__Dataset content__
######

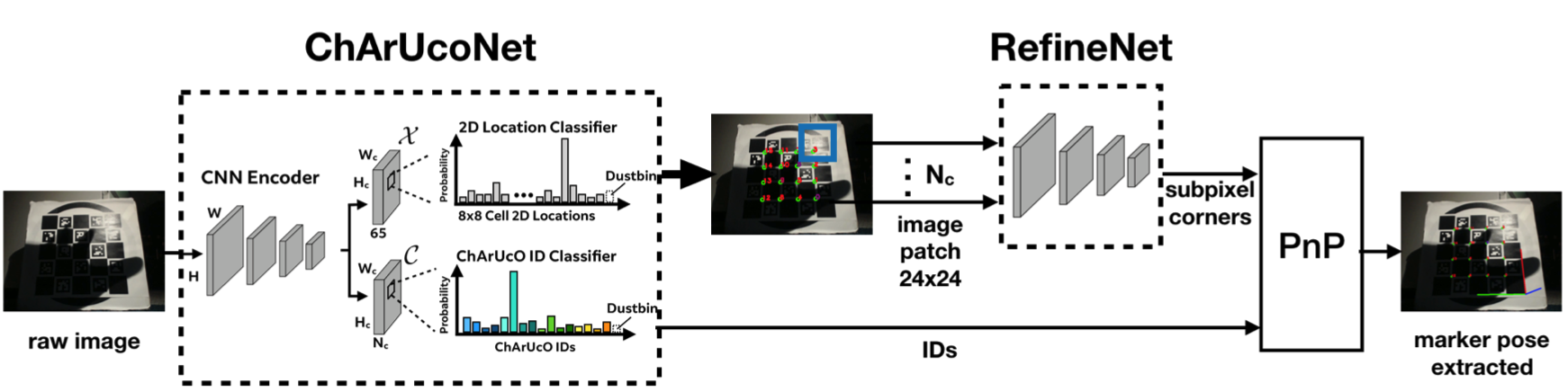 Unofficial pytorch (lightning) implementation of the model proposed by Hu et al. in their paper Deep ChArUco: Dark ChArUco Marker Pose Estimation CVPR2019 for ChArUco board localization. This is a personal project and I have no affiliation with the authors, the results obtained might differ and should not be considered a reference of the paper results. All the data used by the paper is not public and therefore a fair comparison is impossible.
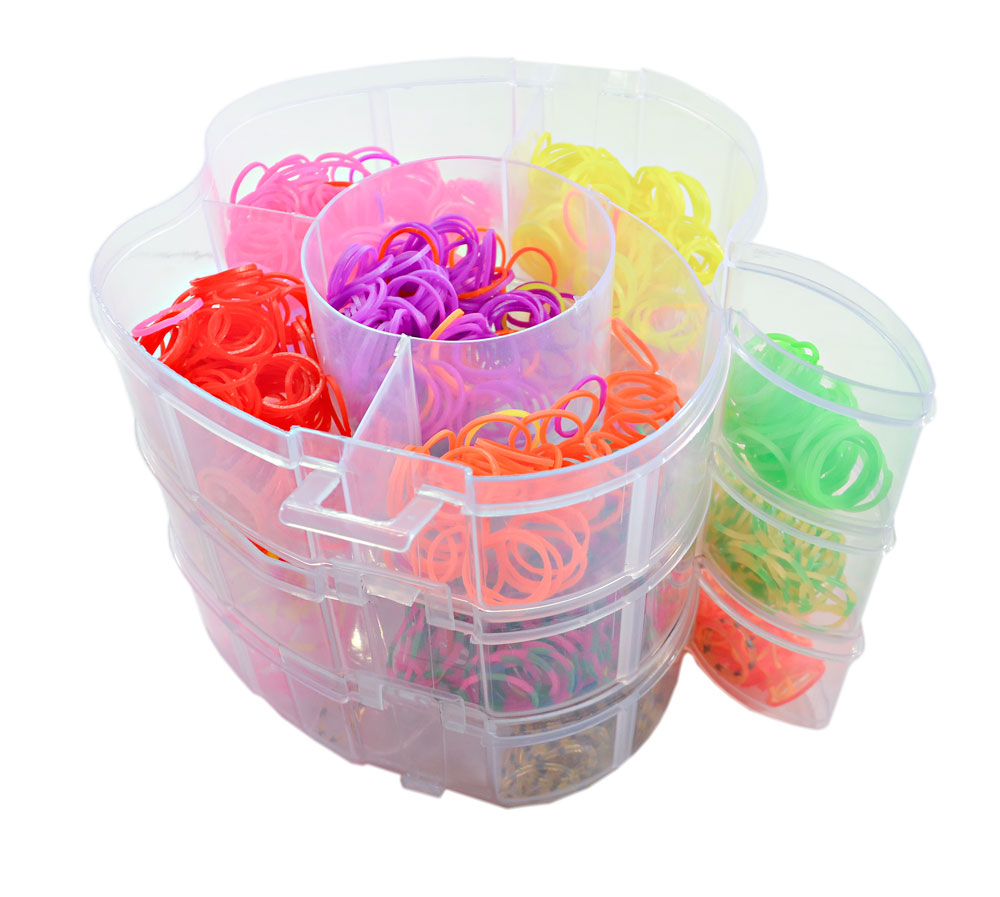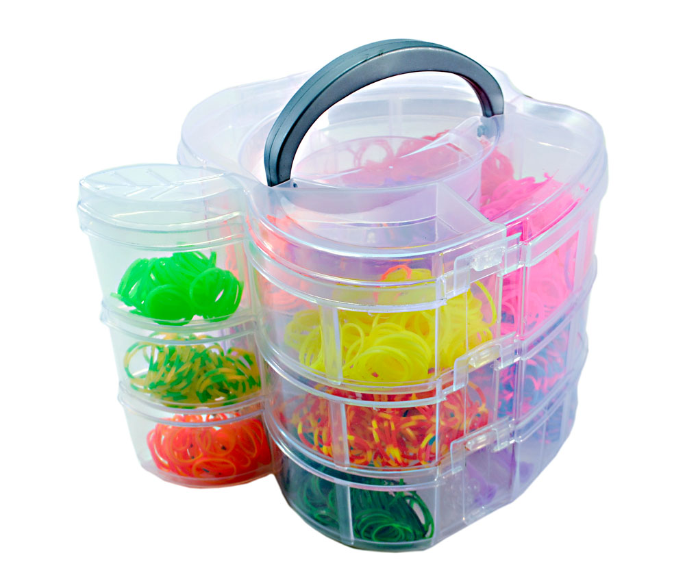 Набор состоит из ярких резиночек разных цветов. При работе у детей задействована мелкая моторика, развивается внимательность, усидчивость, творческая фантазия. Поделки с удовольствием демонстрируются друзьям, у них появляются новые темы для общения и совместных занятий. Все изделия можно расплести и создать что-то новое. Все резиночки собраны в удобный, многоярусный сундучок.
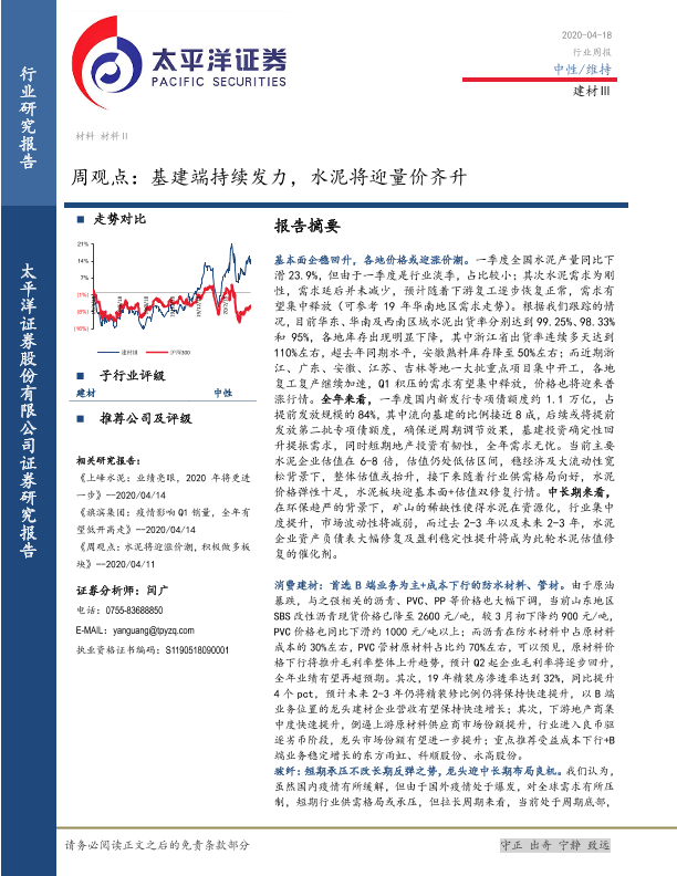 【太平洋证券】【20200418】建材Ⅲ周观点:基建端持续发力,水泥将迎量价齐升-20页
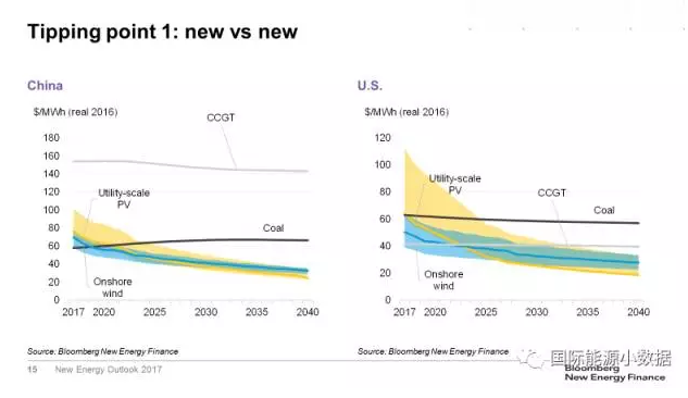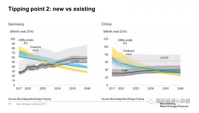 第一个临界点是:在没有补贴的情况下,新建风电、光伏电站发电成本可与新建煤电、天然气电站竞争。在目前的市场条件下,在很多国家已经接近这一临界点。在德国,新建陆上风电的发电成本已经低于煤电、天然气发电;在中国,目前煤电成本在各类电源中依然是最低的,但是预期2019年陆上风电成本将低于煤电、2021年光伏成本也将低于煤电;在美国,天然气发电是各类电源中成本最低的,但预计2022-2023年风电、光伏成本均将低于天然气发电;在印度,预计2020年起新建光伏将在全国范围内低于煤电。

######

Write out only the lines from the line containing "Набор состоит из" through the end of the material above, both end lines included. Pictures are not written out.

 Набор состоит из ярких резиночек разных цветов. При работе у детей задействована мелкая моторика, развивается внимательность, усидчивость, творческая фантазия. Поделки с удовольствием демонстрируются друзьям, у них появляются новые темы для общения и совместных занятий. Все изделия можно расплести и создать что-то новое. Все резиночки собраны в удобный, многоярусный сундучок.
 【太平洋证券】【20200418】建材Ⅲ周观点:基建端持续发力,水泥将迎量价齐升-20页
 第一个临界点是:在没有补贴的情况下,新建风电、光伏电站发电成本可与新建煤电、天然气电站竞争。在目前的市场条件下,在很多国家已经接近这一临界点。在德国,新建陆上风电的发电成本已经低于煤电、天然气发电;在中国,目前煤电成本在各类电源中依然是最低的,但是预期2019年陆上风电成本将低于煤电、2021年光伏成本也将低于煤电;在美国,天然气发电是各类电源中成本最低的,但预计2022-2023年风电、光伏成本均将低于天然气发电;在印度,预计2020年起新建光伏将在全国范围内低于煤电。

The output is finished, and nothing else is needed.